◆ **Assigned task**
Restate each of the lines below word for word and drop every picture.

[Opening Supplied information section]

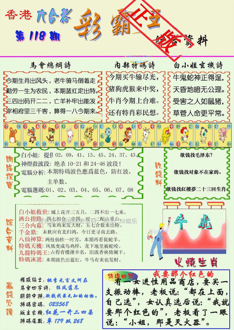 | 113期:☀平特三肖☀♠【牛+龙+虎】♠ |
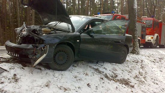 Kierująca audi a4 20-latka wpadła w poślizg i uderzyła w drzewo w Dzikowie w woj. opolskim.
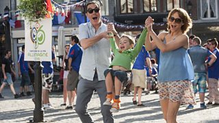 Tony (James Nesbitt) and Emily Hughes (Frances O’Connor) in the town square with Oliver

[Closing Supplied information section]

◆ **Response area**
 | 113期:☀平特三肖☀♠【牛+龙+虎】♠ |
 Kierująca audi a4 20-latka wpadła w poślizg i uderzyła w drzewo w Dzikowie w woj. opolskim.
 Tony (James Nesbitt) and Emily Hughes (Frances O’Connor) in the town square with Oliver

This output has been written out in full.